When Bill Parcels left the New England Patriots for the New York Jets in 1997, he cited a lack of control over personnel decisions, famously saying, “If they want you to cook the dinner, at least they ought to let you shop for some of the groceries.” Working at the University of Kansas, Mangino has never had great facilities or program prestige to sell to elite prospects, but he does have full control over his personnel. As such, nobody in the nation is better at filling their shopping cart full of Salisbury steak and still serving filet mignon.
This year will probably be the highest ranked class Mangino has ever pulled in. As of Tuesday afternoon, Rivals.com had it rated as the 36th best in the nation. There are no one- or two-star recruits amongst the 20 Jayhawk commitments listed on Rivals. Instead, the class has 18 three-stars and two four-stars.

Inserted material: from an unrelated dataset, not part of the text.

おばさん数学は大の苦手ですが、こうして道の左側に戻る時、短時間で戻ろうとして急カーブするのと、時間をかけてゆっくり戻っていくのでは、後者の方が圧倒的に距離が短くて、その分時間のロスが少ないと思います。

Don’t fret. Mangino hasn’t changed his stripes with success. My guess is the higher ranked class is due to two factors:
1. The Jayhawk coaching staff can now compete against schools like Arkansas and Texas A&M for recruits instead of merely picking from their leftovers. An Orange Bowl will do that.
2. I truly believe that these Web sites are giving Mangino a high level of respect. It is well known that Web sites often boost a player’s rating based on who is interested in him. That is the reason that Florida State had an incredible run of high recruiting classes when these Web sites came to prominence. The thinking went like this: if Florida State, a school that can choose from across the country what athletes they want, shows interest in a player, that must mean that player is good. This unfairly inflated recruiting rankings of several prestigious schools. Now we have a corollary. Guys like Mark Mangino and Wake Forest’s Jim Grobe have proven they can win without four- and five-star recruits. This must mean one of two things: either these two guys are among the very best evaluators in the country or they are among the very best developers in the country. And the truth of the matter is that they are probably both.

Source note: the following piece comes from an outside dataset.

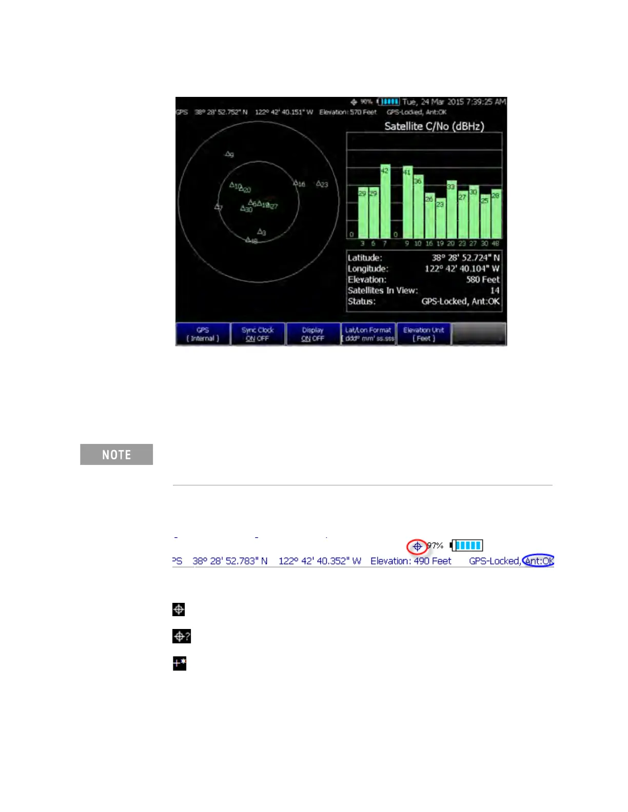 The following icons (located in RED circle above) indicate the GPS lock status:

That means that if Mangino shows interest in a guy that the Texas Longhorns bypassed, it is now less an indictment on the prospect than it is of the program. This player might have been a two-star recruit a few years ago, but now he is a three-star. This is precisely the reason that the Top 10 ranked recruiting classes today will not mirror the Top 10 final rankings in four years and why you shouldn’t lament Mangino’s failings as a recruiter. Have some faith.